I wear Drakkar and PS but never Eternity- my GF loves PS more than any others I have put on for her. GIO is also a good one. Everyone says the same about Drakkar... wore it 20 years ago in high school. But I still like it as one of my favorites.


----------



## Unsure in Seattle (Sep 6, 2011)

I wear Cool Water and variations on such (lightish colognes). She's always liked how I smell.


----------



## heartsbeating (May 2, 2011)

I got hubs "Guilty" by Gucci. I told him he's my guilty pleasure. 

It smells good. He was even smelling himself lol. Refreshing, yummy.


----------



## heartsbeating (May 2, 2011)

Confused99 said:


> 2 year anniversary is coming up and marriage has been on the rocks for a while now so I want to enjoy this day. Hubby's cologne is running out and he is using a discontinued cologne- Hypnose by Lancome.
> 
> He has mentioned wanting to try a new cologne and I think
> it'd be simpler for him to use one that is still in stores than to have to order one every time he runs out anyway.

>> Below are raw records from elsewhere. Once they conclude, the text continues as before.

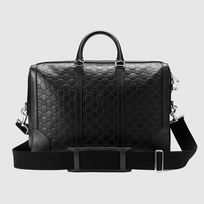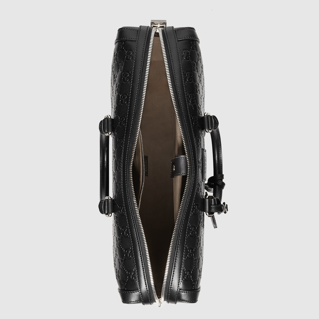 A structured briefcase with secure double zip and key lock closure. The interior organizational components include multiple pockets, smartphone compartments and a padded laptop sleeve. Made in our heat embossed Gucci Signature leather resulting in a defined print with a firm texture.
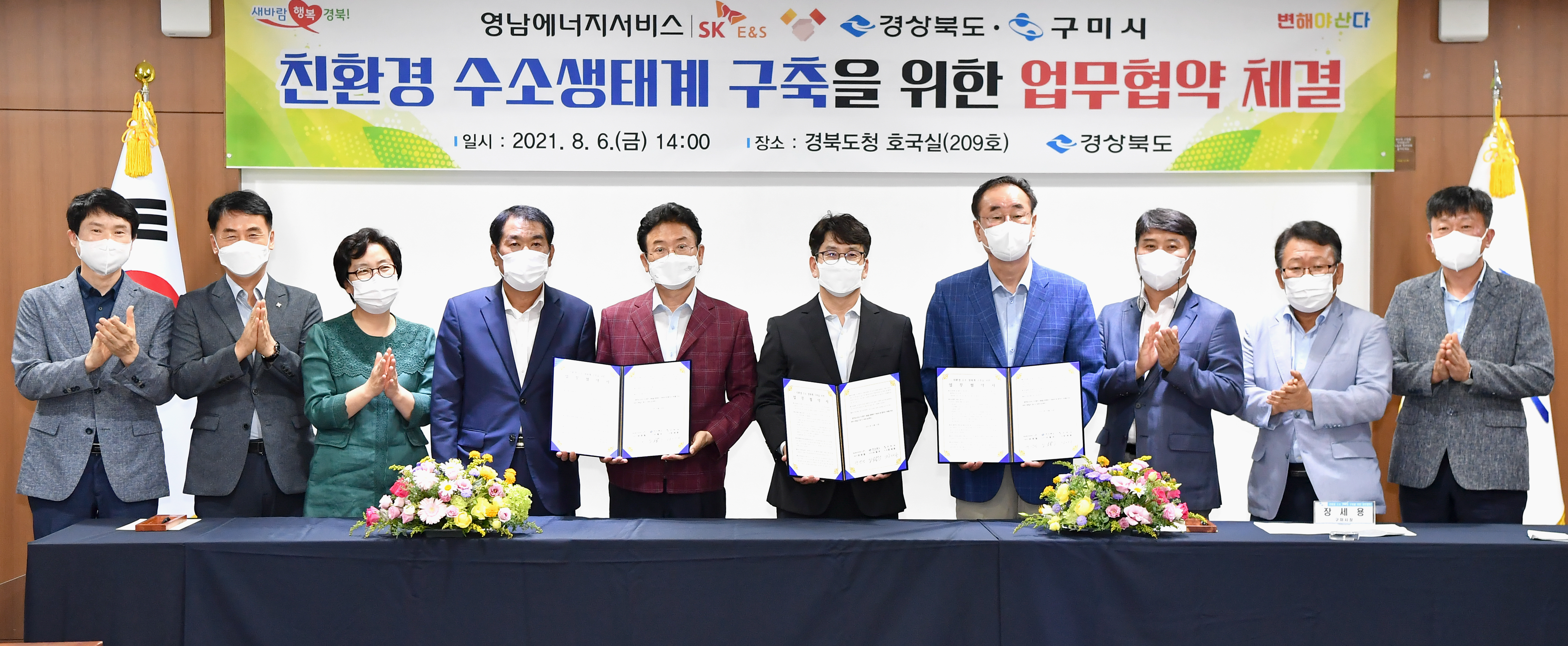경상북도는 6일 도청회의실(호국실)에서 이철우 도지사, 장세용 구미시장, 양영철 영남에너지서비스 대표이사 등이 참석한 가운데‘친환경 수소생태계 구축’을 위한 업무협약(MOU)을 체결했다.
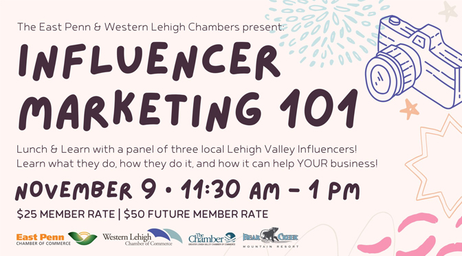 Tickets are $25 for Members and $50 for Future Members. Register at: https://web.lehighvalleychamber.org/events/Influencer-Marking-101-Influencer-Lunch-Learn-EPCC-WLCC–838780/details?fbclid=IwAR15iZMin91khcWY69I8YZY7LmgKsQqHzNCBbqp41MGEoNxEa2ODuJpclE

So I did some research to find that some of the notes are lavendar, amber, and musk. I also know that hubby likes lavendar and vanilla Febreeze.
> ...


Marketing blurb: Guilty Pour Homme is carefully designed for men who know what they want and who get what they want. The charismatic alpha male, a true magnet for ladies, is represented in this provocative and seductive composition. The fragrance opens with lavender and lemon, leaving enough space for very appealing scents of orange blossom. Basic tones are supported by warm woody accords of cedar and patchouli, offering a firm but exciting and soft coloring to the whole composition. 

^ haha if I'd read that before getting it for him, I might not have chosen it "magnet for ladies" ...! I kid, but has notes of lavender with the citrus which you/him might like.


----------



## Therealbrighteyes (Feb 11, 2010)

Bulgari or Prada. Period.


----------



## johniori1 (Dec 28, 2011)

I don't like any of those.


----------



## Coffee Amore (Dec 15, 2011)

Drakkar Noir does it for me. They still make it. 
My guy has used it for years. He smells so good with it on. No, it doesn't smell like an old guy's cologne. It's not like wearing Old Spice.


----------



## johniori1 (Dec 28, 2011)

I`ve ever smelled it on, Poison smells like Poison, every cologne smells like it does in the bottle when it`s on someone.


----------



## Ayan (Nov 26, 2011)

1 Million by Paco. Thats all.


----------